Mickey tried to keep himself focused on the work and prevent his eyes from wandering. “I did not want to gawk at anything,” he said. “I was there to do ironwork, and that’s what I did.” There were occasional interruptions, as when 7 World Trade Center collapsed around 5:30
P.M.
and everybody turned and ran. But as soon as the dust cleared, they got back to work.
Mickey left after midnight, utterly exhausted and depleted. He invited a blond kid named Justin, an apprentice he’d gotten to know at Time Warner Center, to come back to the hotel and crash on the floor. The two men hitched a ride on a garbage truck, Mickey in front with the driver, the kid perched on the fender in back, and jumped off on Broadway near the hotel. They must have been a sight as they came through the revolving door into the hotel lobby. Their arms and faces and shirts were caked in dust. More dust clotted their eyebrows and hair. Their jeans were soaked with water from the firehoses. Their boots were heavy with mud, their socks drenched. Their throats were raw from the smoke and dust they’d been inhaling for hours.
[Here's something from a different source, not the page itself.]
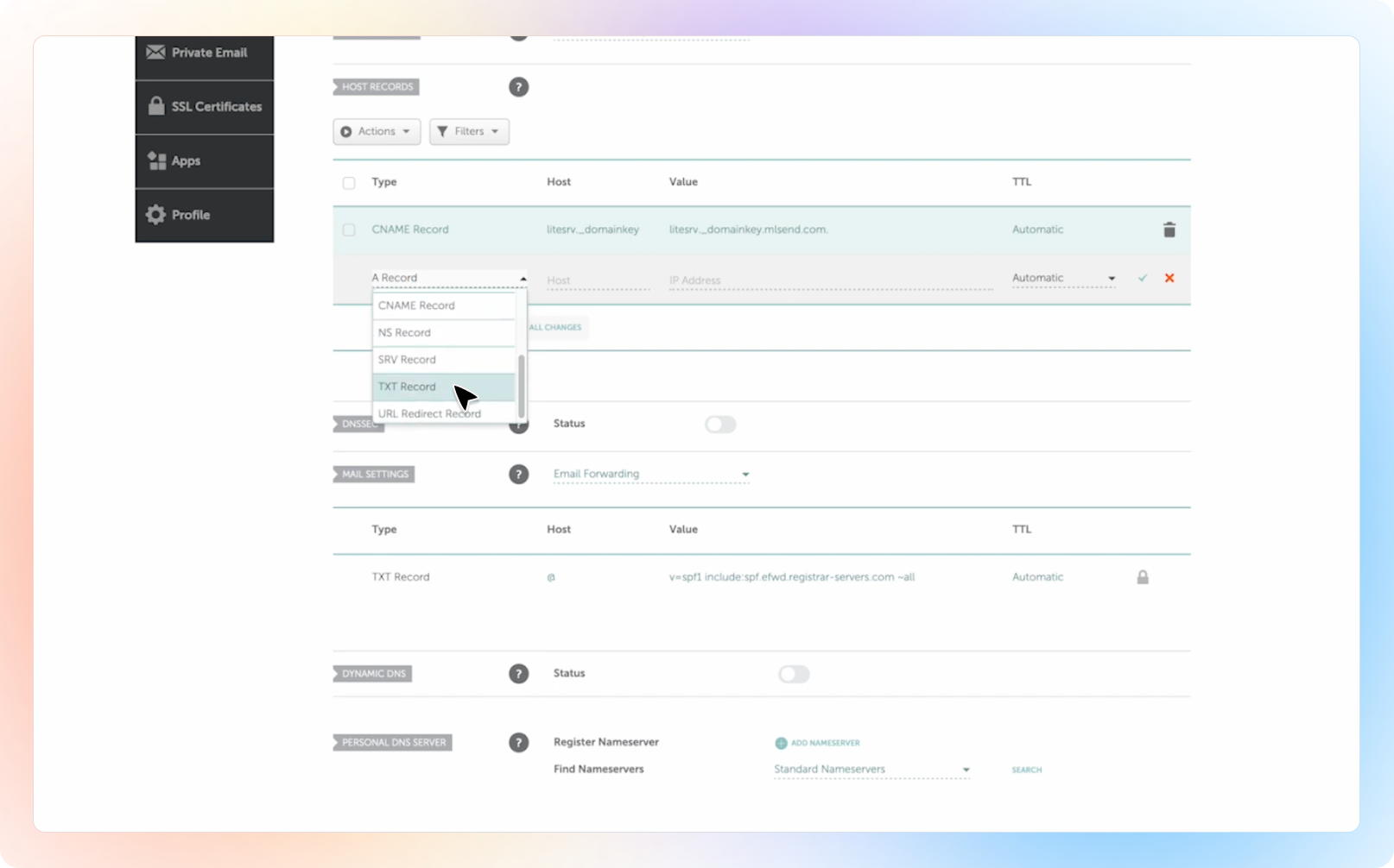 Fill in TXT Record details

In the room Mickey pulled out a couple of self-heating army rations he’d managed to grab before leaving Ground Zero. They sat on the bed and shoveled the food, a mysterious but edible stew, into their mouths. Their throats hurt when they swallowed, but they were famished. When they were done, Mickey reached into the plastic bag he’d managed to hold onto since early that afternoon. He handed the apprentice a package of clean underpants and socks and a T-shirt, then took one of each for himself. These were the last clean clothes he’d see for a while.
Wednesday was the day tens of thousands of Americans woke up, having never really fallen asleep, possessed of the same powerful urge: to get down to the site of the fallen towers and help. New Yorkers
were not alone in fixating on this idea; sheriffs from Maine and home health-care workers from Nebraska, paramedics from Wisconsin, ballerinas from Georgia—people from all over the country shared the obsession. It was as if that grave prediction made by the French savant about the Eiffel Tower over a hundred years ago—that its iron would spontaneously polarize and suck Paris into it—had come to pass at the World Trade Center. Devastation and grief had transformed the towers’ steel into a giant magnet.
What distinguished the ironworkers from the masses who responded to the disaster in those early days was the skill they possessed. It was as Mickey said:
There was nobody more equipped to do it.
The most important project of those early days—and indeed for months to come—was the careful but speedy removal of structural steel. Cutting steel. Rigging steel. Hoisting steel.
This is what we do every day.
If their chosen trade placed a moral obligation on them, it also gave them an intimate connection to the fallen buildings. The dead were not their dead, but the buildings had been
their
buildings. ironworkers put them up, raised their 192,000 tons of steel, and loved them even when most of the city found them unlovable. “These were buildings you were proud to look at,” said Matt, the broad-shouldered ex-Marine fellow ironworkers called Rambo. “They were beautiful buildings. Now it’s lying all over the place. You wanna cry ten times a day. And that’s not even the human toll. Just looking at the structural damage you wanna start crying.”